11月24日(金)
事務所に届いていた印刷物を、直帰ついでに義母の仕事場へ持ってくるだけのつもりだったが、何故か小包の梱包を手伝っていた。大事に持ってきたクリスマスカードと、年明け早々のホームパーティの案内チラシは、九割近くがその小包の中に納められていた。
僕は最後の一つの封を閉め、机の一角に置いた。郵便ポストに投函できるサイズよりは一回り、二回りほど大きく見えるが、両手で抱えて持つようなサイズではない。ただ、三つずつほど重ねて置くと、それなりのボリュームに見える。
「結構な数ですね」
朋子さんが入れてくれたお茶に口をつけながら僕が言うと、彼女は何も言わず、曖昧に微笑んだ。
伝票は今から一つずつ貼ると聞いたときは、気が遠くなりそうだった。それを物ともせず、丁寧に一つずつやり切る気持ちがあるから、長年愛されるサロンのオーナーをやれるのだろう。
僕がボーッと小包の小さな山を見つめている間、朋子さんは僕が持ってきたチラシをジッと見ていた。印刷前の決定稿でOKはもらっていたものの、改めて「女帝」にじっくり検品されると背筋が伸びる。
沈黙に耐えかねて、僕も残っていたチラシを一枚手に取った。四年ぶりのホームパーティ、作っている時からずっと目に入っていたはずなのに、やっと日付が目に留まる。
「あっ、この日」
「ああ、気にしないで。分かってるから」
朋子さんは笑いながら、手にしていたチラシをテーブルに置いた。自分のカップに、ポットから紅茶を注ぐ。
「オタクのボスにも言われたんだけどね。決めちゃったものは、しょうがないじゃない」
笑いながら軽い口調で言うものの、どこか突き放すような印象もあった。その凛というか、ツンとした言い方に、沙綾との繋がりみたいなものも感じる。そういうところに振り回されながらも、最後まで付き合ってしまう社長に、同情や親近感を抱かざるを得ない。
「この間から、何回もすみません」
彼女の誕生日も、納期の直前でスケジュールを合わせられなかった。来月のクリスマス会も、先約があって都合がつかなかった。今度こそはと思っていたのに、結局年始のイベントも「仕事優先」になることが確定した。

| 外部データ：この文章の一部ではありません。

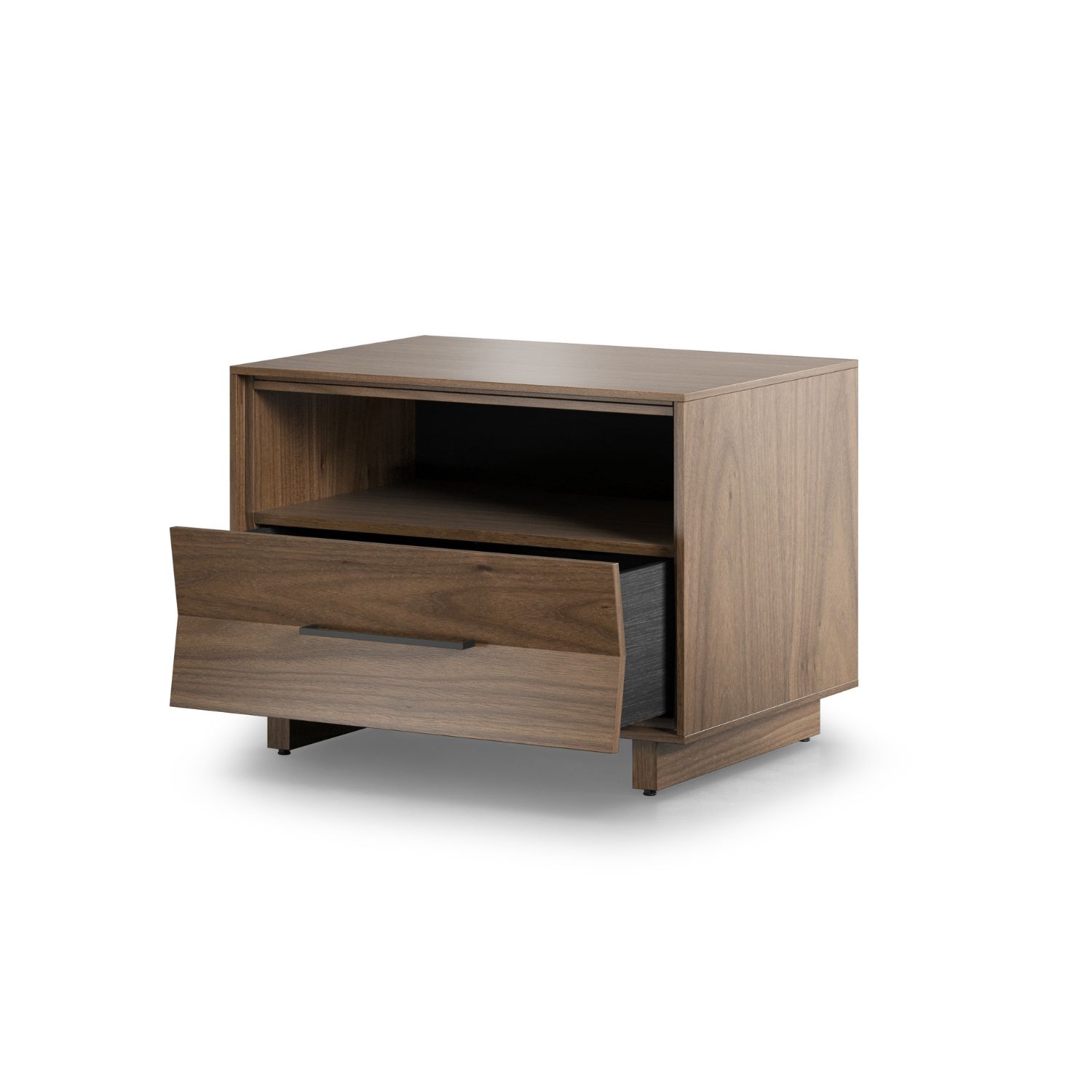 Designed by Matthew Weatherly, the Kava 28" Side Table features walnut veneer, a pleated drawer front, and the ability to function as either a nightstand or side table. Kava's state-of-the-art tabletop can slide forward, keeping items within easy reach by a bedside, or allowing access to an integrated power station on the back. Plug your lamp, clock, or chargers into the power strip, and keep cables organized with built-in wire wraps. An open compartment offers the perfect spot to put books and devices, while a soft-close drawer with a removable accessory tray stores your belongings in style. Pair the Kava 28" Side Table with other Kava items for a beautifully streamlined home.

朋子さんは「ああ、いいのいいの。何にも気にしないで」と言った。
「私のことなんか気にしないで、あなたたちはあなたたちで良いようにして頂戴」
僕がこっちへ戻ってくる時も、同じ調子、同じ口調でそう言われて、元々の住まいを僕と沙綾のために明け渡してくれた。その出来事からも、ほぼ丸一年。バタバタだった去年の年末からもうすぐ一年か。
「それで、どう? 慣れた?」
朋子さんが、ちょっぴり意地悪そうな表情を浮かべて訊いてきた。
「おかげさまで、何とか」
「そう。それは良かった」
朋子さんはまだ何か言いたそうな様子で、口元に笑いを浮かべながらお茶を飲む。追求のためのトゲがない言葉、失礼のない表現を必死に考えていると仕事用のスマホがポケットの中で震える。通知は、事務所からの電話だった。
朋子さんに「すみません」と断ると、彼女はどうぞ、とジェスチャーで出るように促してくれた。お言葉に甘えて電話に出る。電話口の向こうは、「まだ仕事が残ってる」と叫ぶ社長だった。
「分かりました。今すぐ戻ります」
急ぎの仕事は一通り終わらせたつもりだったけど、チェックが甘かったらしい。出来ればこのまま直帰したかったけど、定時にはまだ余裕がある。オフィスへ戻って、素直に残務と向き合おう。
僕は、同情の目を向けてくれている朋子さんに、オフィスへ戻る旨を伝えた。そんな目をしないで欲しいと思いながら、淹れてもらった残りのお茶を飲み切った。